▶ Exercise directions
Restate word for word the section of the entries that opens at the line containing "- 未來永續標準前瞻:未來 GRI" and closes at the line containing "version 1 Pile", both lines kept, pictures dropped.

▶ Supplied material
━━━━
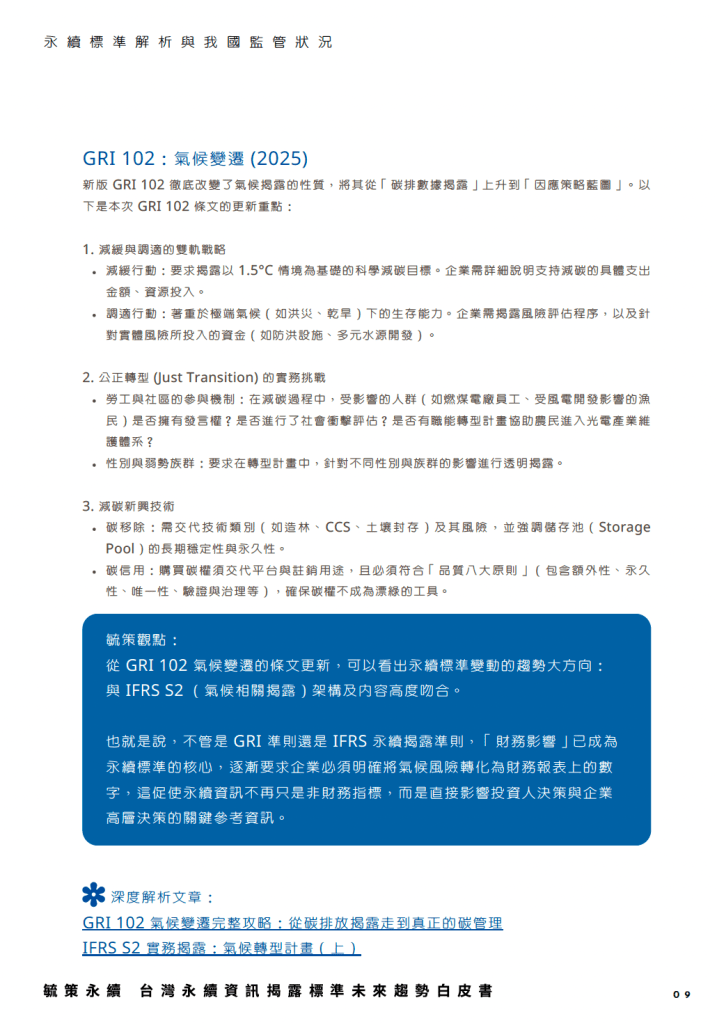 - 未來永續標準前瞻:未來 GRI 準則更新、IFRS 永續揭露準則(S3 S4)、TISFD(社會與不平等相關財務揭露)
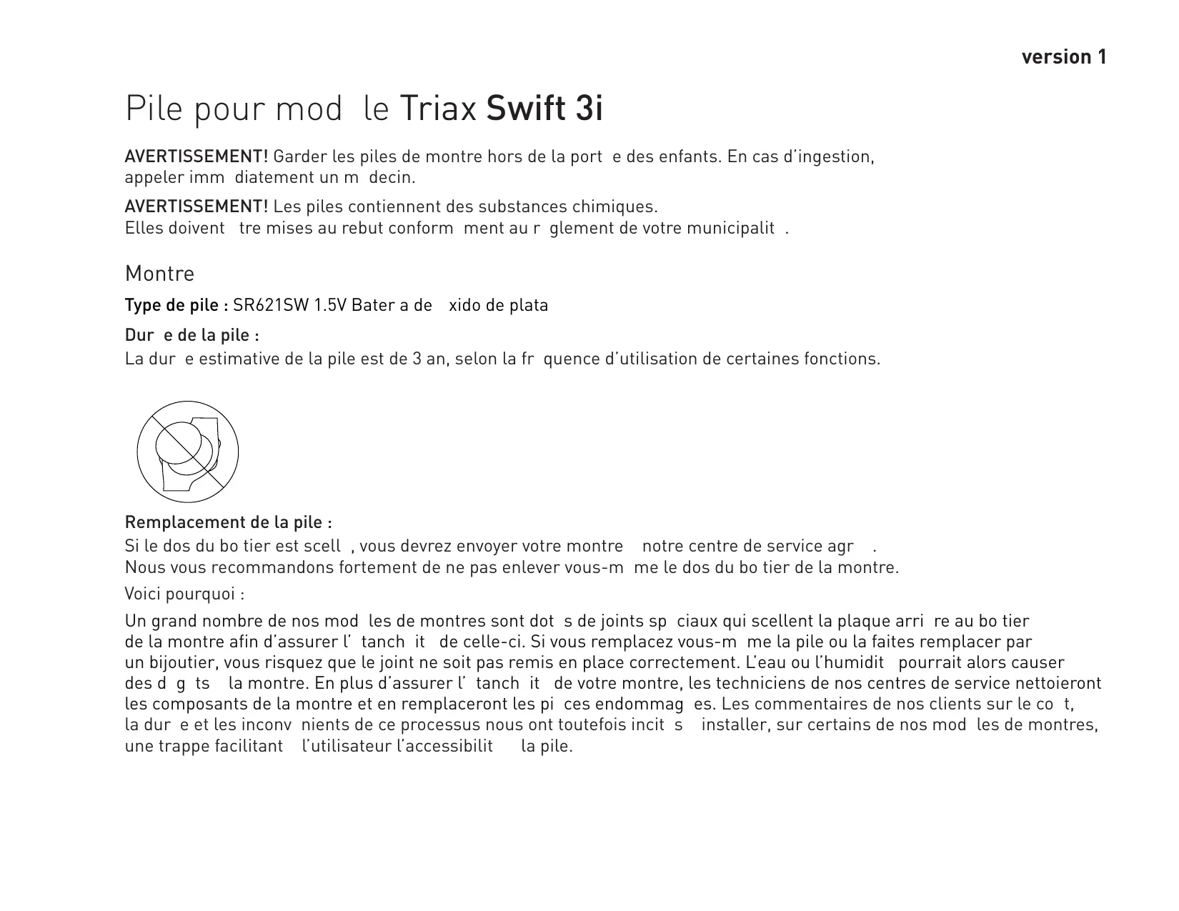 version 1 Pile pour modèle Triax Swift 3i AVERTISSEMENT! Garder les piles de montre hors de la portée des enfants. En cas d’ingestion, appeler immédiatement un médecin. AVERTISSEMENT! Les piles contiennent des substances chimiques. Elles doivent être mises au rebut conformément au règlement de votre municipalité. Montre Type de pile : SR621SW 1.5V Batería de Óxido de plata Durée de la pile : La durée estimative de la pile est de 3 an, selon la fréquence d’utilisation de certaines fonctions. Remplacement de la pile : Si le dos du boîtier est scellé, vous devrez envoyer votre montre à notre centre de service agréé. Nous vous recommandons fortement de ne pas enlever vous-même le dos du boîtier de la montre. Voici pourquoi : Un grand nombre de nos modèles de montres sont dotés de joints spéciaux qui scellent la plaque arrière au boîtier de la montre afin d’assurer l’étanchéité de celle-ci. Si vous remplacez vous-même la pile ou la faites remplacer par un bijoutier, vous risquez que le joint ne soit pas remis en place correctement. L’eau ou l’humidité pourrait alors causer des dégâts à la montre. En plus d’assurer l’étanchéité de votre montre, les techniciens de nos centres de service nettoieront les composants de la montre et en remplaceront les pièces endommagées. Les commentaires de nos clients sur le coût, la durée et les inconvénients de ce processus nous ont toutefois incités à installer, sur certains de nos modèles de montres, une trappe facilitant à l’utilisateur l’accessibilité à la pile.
━━━━
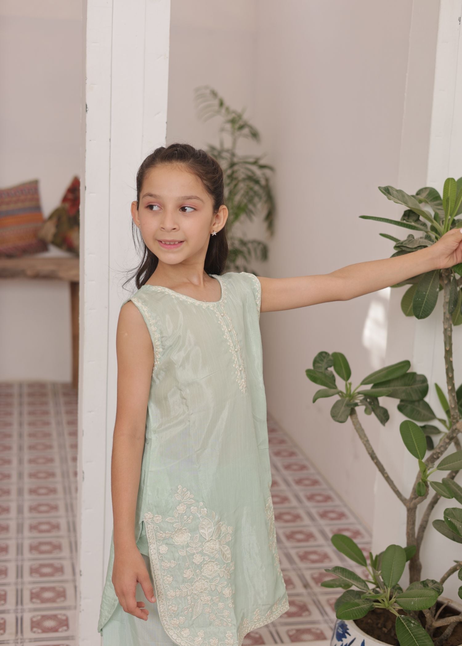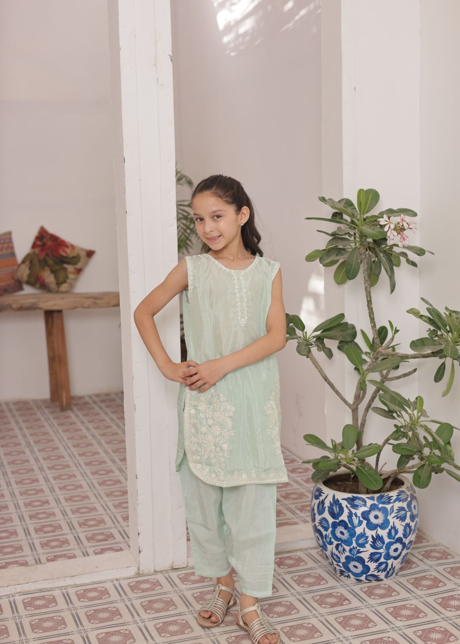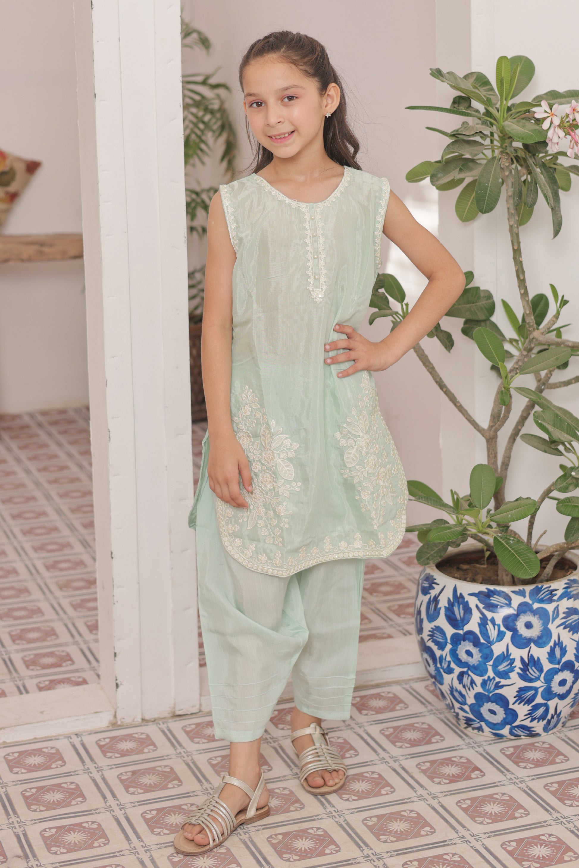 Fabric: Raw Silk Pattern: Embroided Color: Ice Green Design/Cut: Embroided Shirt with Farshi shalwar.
━━━━
▶ Exercise output
 - 未來永續標準前瞻:未來 GRI 準則更新、IFRS 永續揭露準則(S3 S4)、TISFD(社會與不平等相關財務揭露)
 version 1 Pile pour modèle Triax Swift 3i AVERTISSEMENT! Garder les piles de montre hors de la portée des enfants. En cas d’ingestion, appeler immédiatement un médecin. AVERTISSEMENT! Les piles contiennent des substances chimiques. Elles doivent être mises au rebut conformément au règlement de votre municipalité. Montre Type de pile : SR621SW 1.5V Batería de Óxido de plata Durée de la pile : La durée estimative de la pile est de 3 an, selon la fréquence d’utilisation de certaines fonctions. Remplacement de la pile : Si le dos du boîtier est scellé, vous devrez envoyer votre montre à notre centre de service agréé. Nous vous recommandons fortement de ne pas enlever vous-même le dos du boîtier de la montre. Voici pourquoi : Un grand nombre de nos modèles de montres sont dotés de joints spéciaux qui scellent la plaque arrière au boîtier de la montre afin d’assurer l’étanchéité de celle-ci. Si vous remplacez vous-même la pile ou la faites remplacer par un bijoutier, vous risquez que le joint ne soit pas remis en place correctement. L’eau ou l’humidité pourrait alors causer des dégâts à la montre. En plus d’assurer l’étanchéité de votre montre, les techniciens de nos centres de service nettoieront les composants de la montre et en remplaceront les pièces endommagées. Les commentaires de nos clients sur le coût, la durée et les inconvénients de ce processus nous ont toutefois incités à installer, sur certains de nos modèles de montres, une trappe facilitant à l’utilisateur l’accessibilité à la pile.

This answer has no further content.